The definition of “affected transaction” 4 in section 31(1) contains two paragraphs:

• Paragraph (a) of the definition relates to the specified persons between which any transaction, operation, scheme, agreement or understanding must be entered, and
• Paragraph (b) of the definition relates to any term or condition that differs from any term or condition that would have existed if the persons had been independent persons dealing at arm’s length.

Currently, section 31(1) defines an “affected transaction” as any transaction, operation, scheme, agreement or understanding entered into for the benefit of specific persons that are “connected persons” in relation to one another as defined in section 1, read with section 31(4).
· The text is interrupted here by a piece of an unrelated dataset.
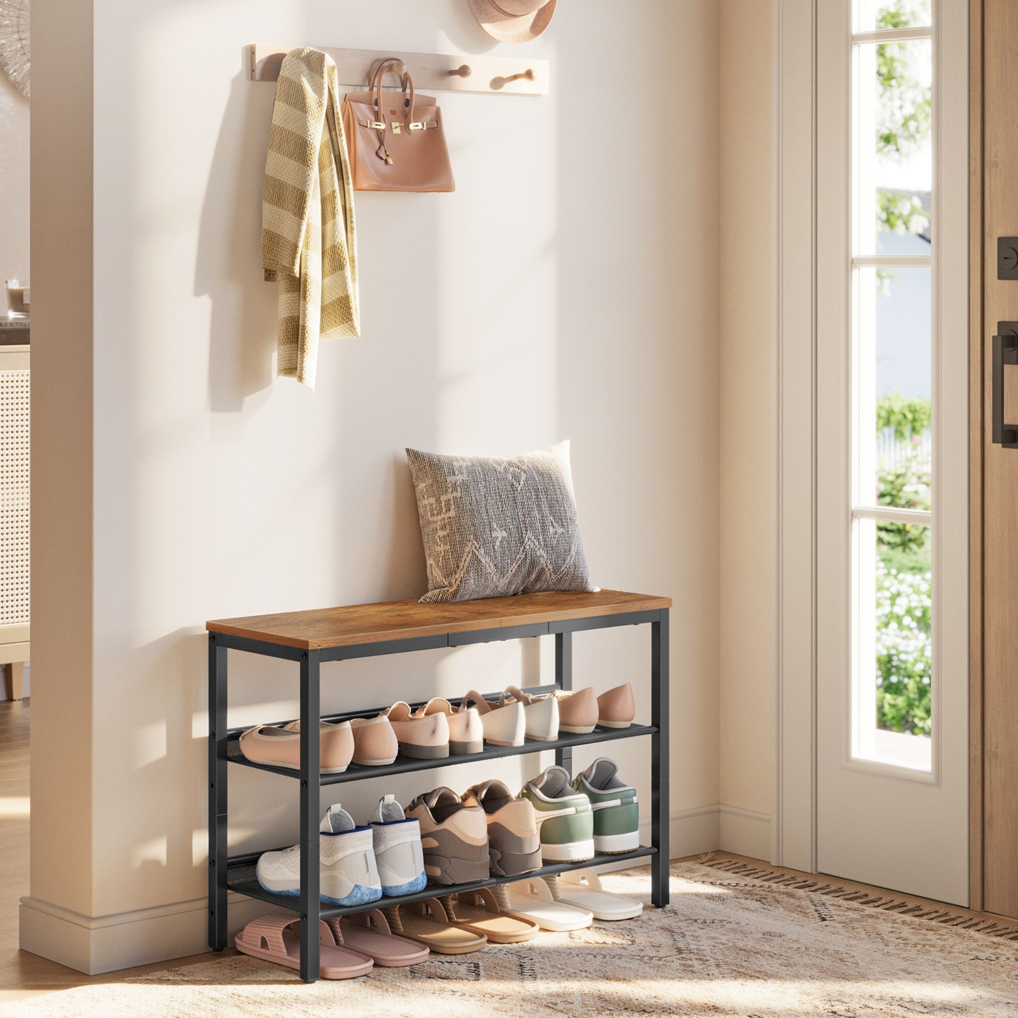 Botník s lavicí ENTRY 2 vyhotovený v industriálním stylu v sobě kombinuje místo na sezení a úložný prostor.

The current definition of “affected transaction” only captures transactions entered into between connected persons and does not capture transactions between “associated enterprise(s)”. Therefore, the term, as contemplated in Article 9(1) of the OECD Model Tax Convention, has been inserted into section 31(1) and into the definition of “affected transaction” with effect from years of assessment commencing on or after 1 January 2023.

The Note describes two enterprises being “associated enterprises” where there is a participation (directly or indirectly) in the management, control or capital of an enterprise of the other Contracting State or, the same persons participate directly or indirectly in the management, control or capital of an enterprise of a Contracting State and an enterprise of the other Contracting State. In addition, an ‘enterprise’ is defined in Article 3 as “carrying on a business”.

For a transaction, operation, scheme, agreement or understanding to be an “affected transaction”, both paragraph (a) and paragraph (b) must be met.

Paragraph (a) of the definition of “affected transaction” essentially means any transaction, operation, scheme, agreement or understanding directly or indirectly entered into or effected between or for the benefit of either or both:

• a resident and a non-resident;
• a non-resident and another non-resident that has a permanent establishment in South Africa to which the transaction, operation, scheme, agreement or
understanding relates;
• a resident and another resident that has a permanent establishment outside South Africa to which the transaction, operation, scheme, agreement or understanding relates; and
• a non-resident and any other person that is a controlled foreign company in relation to any resident;

If those persons are connected persons or, in respect of years of assessment commencing on or after 1 January 2023, associated enterprises in relation to one another.

The Note further provides guidance and examples on each facet of the definition, in particular:

Direct or indirect participation in management.
Direct or indirect participation in control.
Direct or indirect participation in capital.
Therefore, SARS is seeking to widen the tax base, by expanding the ambit of section 31 to apply not only to “connected persons” as defined in section 1, but also to “associated enterprises”, as defined.

The Note envisages scrutiny of a wide range of information and commercial and legal relationships in order to evaluate whether enterprises are associated. These include identifying and considering de facto, as opposed to de jure relationships – which may involve the need for a detailed factual enquiry and for judgement to be exercised in relation to subjective, and not purely objective, information.

Taxpayers need to carefully consider the implications of the widening definition of an “affected transaction” in section 31 to ensure compliance with local transfer pricing regulations. Don’t delay assessing the management, control and capital of the entities within your organisation that may potentially be affected by the proposed amendment.

The Note is now open for public commentary and comments are to be submitted to SARS by no later than Friday, 13 January 2023.